We demoed a new tillage machine one time. It was just put together and we were the first to use it. It had two cylinders on each side. So each side had a rephasing pair. It did not raise/lower evenly. The salesman was trying to adjust some mechanical linkage when I got there. He could get it to be level in the field position or the road position but not both. I followed the hoses and noticed that the first cylinder of the pair was the smaller one. Salesman said "shouldn't make any difference". It was easy to swap them with out moving any hoses so they eventually tried switching the cylinders. This solved the problem. Salesman said he had never heard of that.
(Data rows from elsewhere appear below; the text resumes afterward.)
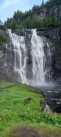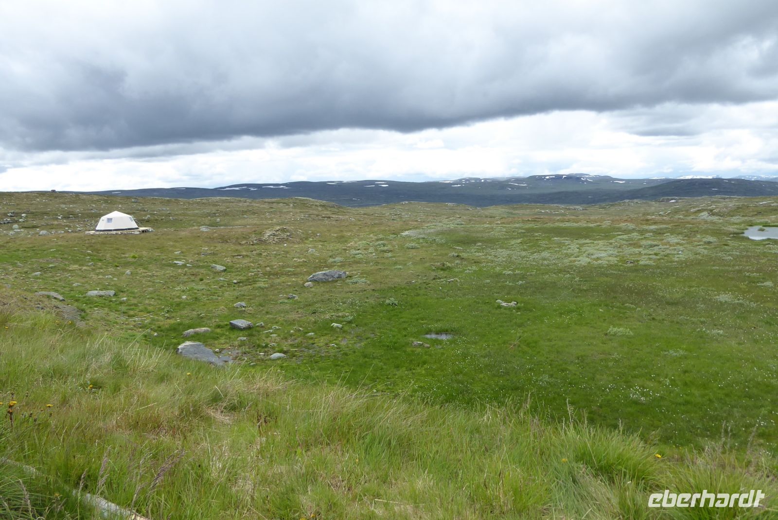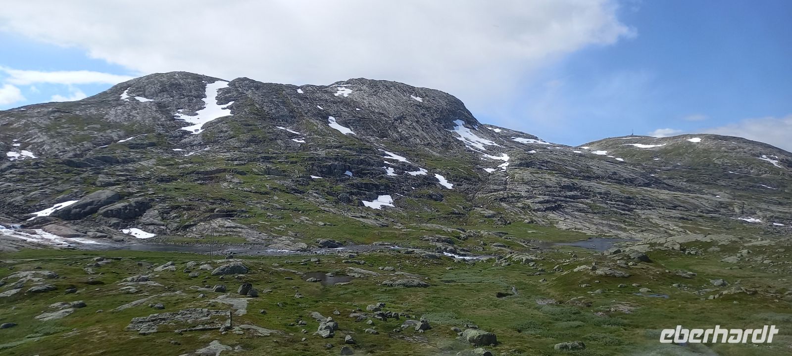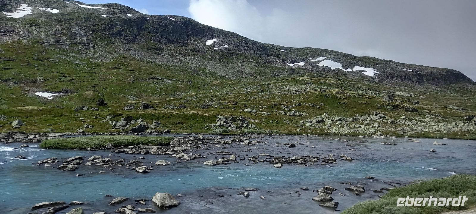 Weiter geht es mit einer "Sondereinlage", für die der Fahrer erst gewonnen werden musste: Hinauf auf die Hocheben der Hardangervidda nach Dyrant Fjellstova hoch oben in der Wildnis. In der Hütte mit Kaffee gab es eine Stärkung, zurück gings vorbei an dem riesigen Damm des Sysedam-Stausees und in der Ferne konnten wir den Hardangerjökulen sehen, einen riesigen Gletscher. Damit aber nicht genug. Nun stoppten wir noch an einem wunderschönen, über 150 m hohen Wasserfall, dem Vöringsfossen. Gut ausgebaute Wege und Terrassen ermöglichen eine Ausblick auf den Wasserfall von allen Seiten. Als wir kurz vor 16.00 h wieder im Hotel abgesetzt wurden, hatten wir wieder einen Reisetag mit vielen schönen Eindrücken erlebt. Den Abschluß machte dann wieder ein leckeres Abendessen-Buffet im Hotel.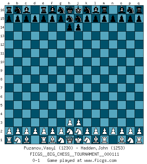 Last move : 0-1 2018 May 12 11:13:51 [Event "FICGS__BIG_CHESS__TOURNAMENT__000111"] [Site "FICGS"] [Date "2018.04.12"] [Round "1"] [White "Puzanov,Vasyl"] [Black "Hadden,John"] [Result "0-1"] [WhiteElo "1230"] [BlackElo "1253"] 0-1 This big chess game has been lost on time (started : 2018.04.12 9:13:0) Follow this game move after move (download)When you absolutely don't know what to do anymore, it is time to panic. (John van der Wiel) Ich tröste mich mit dem Vergnügen, daß Schachfans, Zuschauer und Leser glücklich sind, wenn ein Großmeister etwas riskiert, statt nur Klötzchen zu schieben. (Mikhail Nekhemyevich Tal) La caracteristica mas importante en la posición del Ajedrez es la actividad de las piezas. Esto es absolutamente fundamental en todas las fases del juego: Apertura, Juego Medio y especialmente Finales. La limitación primordial en la actividad de una pieza, es la estructuración de los Peones. (Michael Stean) Horreur, mais aussi harmonie suprême : qu'y avait-il en effet au monde en dehors des échecs ? Le brouillard, l'inconnu, le non-être... (Vladimir Nabokov) True nature is revealed in times of difficulty. (Chinese proverb)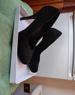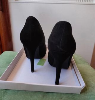 Tacchi Neri scamosciati numero 40 della Pimkie. Usati solo una volta. La destra ha una macchietta bianca dietro che è visibile nell'ultima foto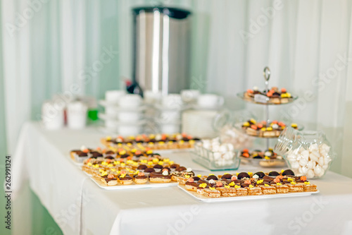© serg141073, Naklejka premium Served tables in restaurants and cafes, meals and drinks on the tables, room design.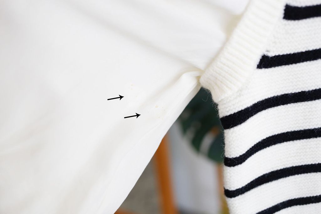 Defect Descriptions: Right Sleeves Near Armpit, Few Yellow Dots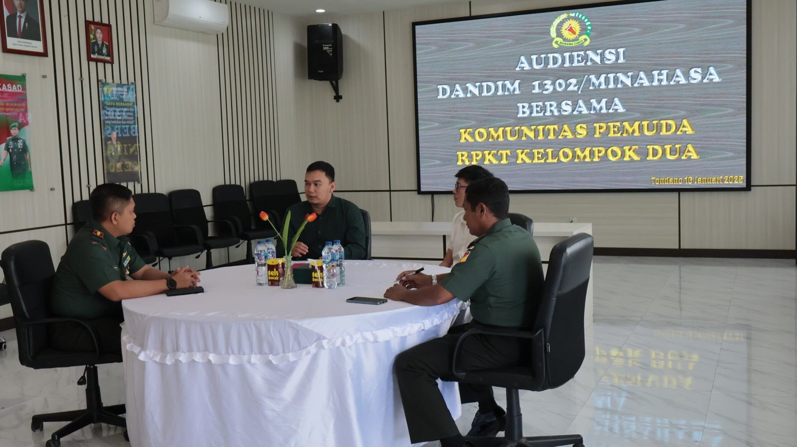 Minahasa, -Bertampat di Aula Darmawangsa Makodim, Dandim 1302/Minahasa Letnan Kolonel ( Letkol ) Inf Mutakbir menerima Audience Ketua Pemuda GMIM Desa Taraitak, Kecamatan Langowan, Kabupaten Minahasa Ivan Welang pada Kamis 16/01/2025 pukul 10.00 Wita.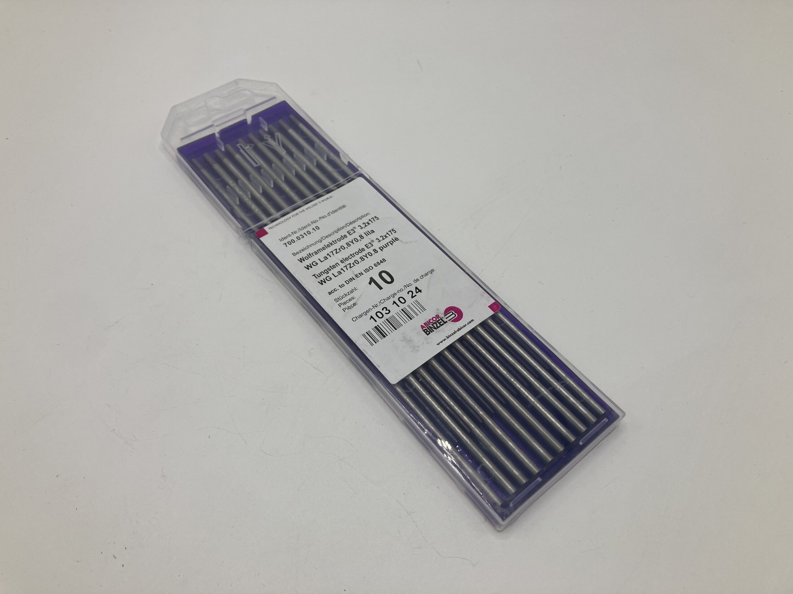 De paarse E3 wolfraamelektrode 3,2 mm van Binzel is een hoogwaardige en veelzijdige TIG elektrode
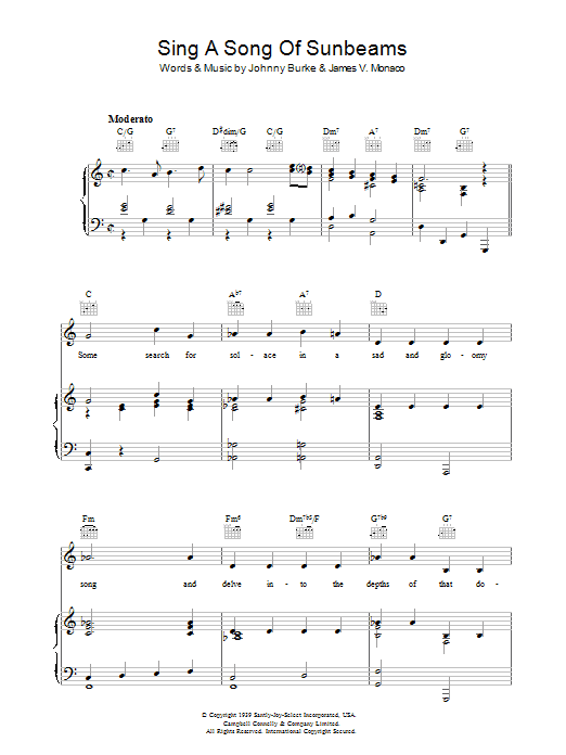 Download or print Johnny Burke Sing A Song Of Sunbeams sheet music, chords and digital score arranged for Piano, Vocal & Guitar Chords. This Pop score includes 7 page(s).
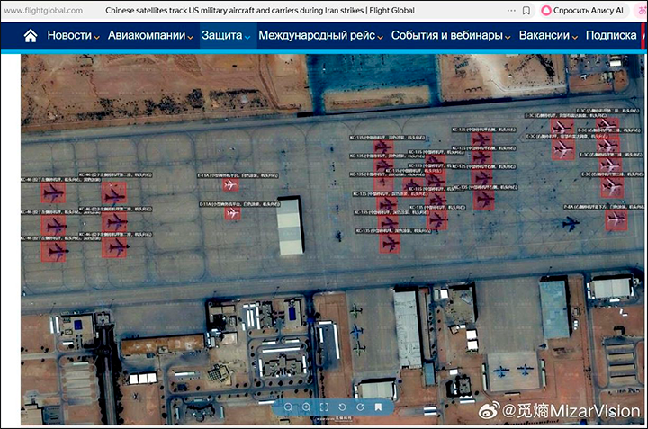 Мало того что MizarVision собрал не только массив снимков высокого качества, доступный  китайскому "спутниковому флоту", но и снимки коммерческих спутников. Гораздо важнее, что стартап из Поднебесной начал с 24 февраля (за несколько дней до атаки на Иран) публиковать эти данные в уже обработанном ИИ-алгоритмом виде.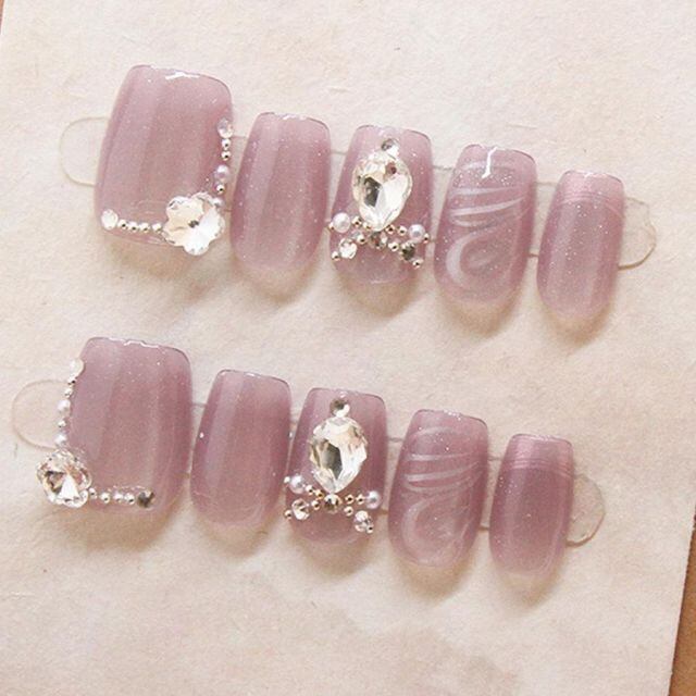 商品名:ネイルチップ ショート シンプル はな きらきら つけ爪 ネイルアート アートチップ デコチップ オーバル ウエディン(メール便送料無料)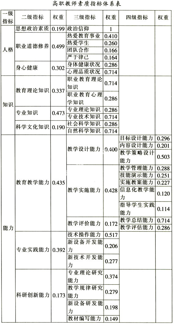 层次分析法的基本步骤如下:建立层次结构模型,构造判断矩阵,进行层次单排序及一致性检验,进行层次总排序及一致性检验。为了使权重更加合理、准确,笔者设计了一份问卷调查表,分别对高职院校管理者与高职教师进行了调查。共发问卷500份,回收458份,有效问卷438份。在此基础上,构建了高职教师素质结构模型。笔者认为,这种高职教师素质结构模型所体现的教师素质观有助于构建高职教师继续教育的理论体系,为教师继续教育提供理论依据。高职教师素质模型指标体系表如下所示: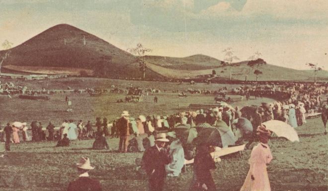 …for situation and the beauty of its surrounding, the Camperdown showground is unequalled in the colony. In its natural state, it is a beautiful spot, with the green slopes of Mount Leura and its more stately companion. Sugarloaf, rising up immediately behind it; whilst northwards is the township, looking prettier in the distance with its grass clothed streets, and its incomparable avenue of trees now almost in their complete spring attire: beyond the town, Lake Culongulac from the shores of which spread away to Mount Elephant and other distant hills, the verdure-clad plains. (Camperdown Chronicle, 25 October 1884 )

I said apparently the set up man never tested it.
All "air" must be removed internally for this to work. Some cylinders have a "leak" passageway so that when the cylinder is fully extended or retracted oil can flow internally so as to even things out and bring them into phase. The Master cylinder on some Deere planters had a collar that could be removed. Then the cylinders would retract a bit further to uncover this passage way to let the oil even out. When it was back in phase, the collar was reattached to prevent the cylinder from retracting into that area for normal operation. With other systems holding the hydraulics for a while at the end of the stroke will push the air past the piston and eventually it works out. I've seen situations where the hose needed to be loosened a bit at the cylinder so it leaked a bit to get the air out. Once the cylinders were in phase then the hoses were tightened.